By the same token, rate cuts could boost bond prices, which move in the opposite direction of their yields. While higher bond prices would help returns of diversified portfolios, lower yields would also mean bonds produce lower income. If you’re retired, you may have begun to enjoy any bond income brought about by the Fed’s rate hikes. However, if yields do fall, we design our diversified portfolios with total return – or the combination of income and growth – in mind, which is why staying invested is critical – regardless of the rate environment. 

“We take a total return, diversified portfolio approach to retirement income,” says Kenny. “Owning investments expected to appreciate over time alongside investments that pay fixed interest can help decrease your reliance on interest payments to cover an income need.” 

If you do have questions about your portfolio, always consult your planner. Regardless of whether the Fed cuts rates, there’s likely no reason to change your portfolio unless your financial situation or goals have changed.


Waiting for the Fed cuts to buy a home?

It’s important to note that the Fed only controls its key overnight lending rates, not the longer-term rates that govern mortgage loans. However, the Fed’s rates do influence the rates of consumer loans, like mortgages.

Before the Fed began hiking rates in 2022, mortgage rates had been historically low for more than a decade, with the average 30-year fixed mortgage running beneath 5% during that time. As mentioned, it is unlikely that the Fed will cut its key lending rate to near zero again, so don’t count on mortgage rates going back to their historic lows.

This may be a tough pill to swallow if you have a mortgage rate beneath 5% and need to buy a new home – a predicament that may be felt by people who are saving for retirement and have a growing family.

Talk with your planner about how to balance your need to save amid higher mortgage rates. 

Like the market, mortgage rates can price in rate expectations well before the Fed acts, so planner conversations need to happen sooner rather than later.

However, mortgage rates are just one factor in the decision to buy a home.

“You shouldn’t make a decision about when to purchase a home or car based purely upon what interest rates are,” says planner Jeffrey Whitmer, Director, Financial Planning. “It could mean finding a home in a slightly lower price range but shouldn’t necessarily prevent you from buying the home you need.” 

For context, mortgage rates today are not high by historical standards. Over the past 50 years, the average rate for a 30-year fixed mortgage has been between 7% and 8%.

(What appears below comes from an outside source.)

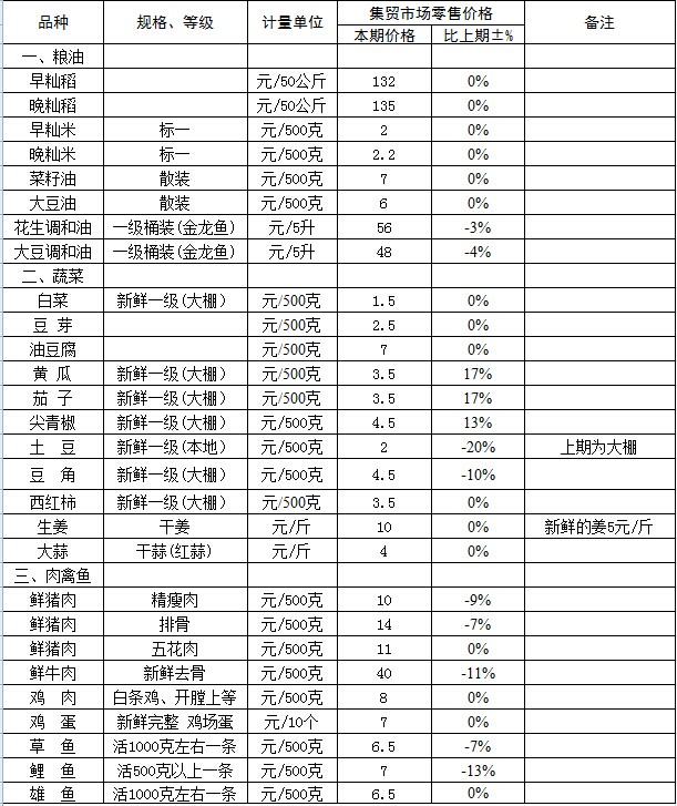 2、蔬菜价格受气候影响部分大棚蔬菜价格上涨,土格因本地土豆上市价格下跌;

For those who bought homes in the last year and have a mortgage rate above 7%, you may be looking for an opportunity to refinance if the Fed cuts rates. Refinancing could make sense financially but it's far from a given due to the uncertainty around how much lower rates will go.

The rule of thumb: Refinancing makes sense once you can secure a mortgage rate that is one percentage point beneath your current rate. However, it’s much more complicated than that. A variety of factors need to be considered.

“The calculation for determining whether refinancing is worth it has to take into account many things well beyond closing costs,” says planner Dale Hansen, Director, Financial Planning. “How your tax deductions may change, if your savings will offset points paid on the original mortgage, how long you will stay in the home, will you need to change the duration of the mortgage and that’s just some of them.”

As always, consult with your planner who can help you with these considerations in the context of your overall financial plan.



Ultimately, it’s impossible to predict what the Fed will do. When looking at your finances over a multiyear horizon, lower rates may have an impact in the shorter term, but sticking to your financial plan is what will help you achieve your longer-term goals, whether you’re retired or saving for retirement.



Investing strategies, such as asset allocation, diversification or rebalancing, do not ensure or guarantee better performance and cannot eliminate the risk of investment losses. All investments have inherent risks, including loss of principal. There are no guarantees that a portfolio employing these or any other strategy will outperform a portfolio that does not engage in such strategies.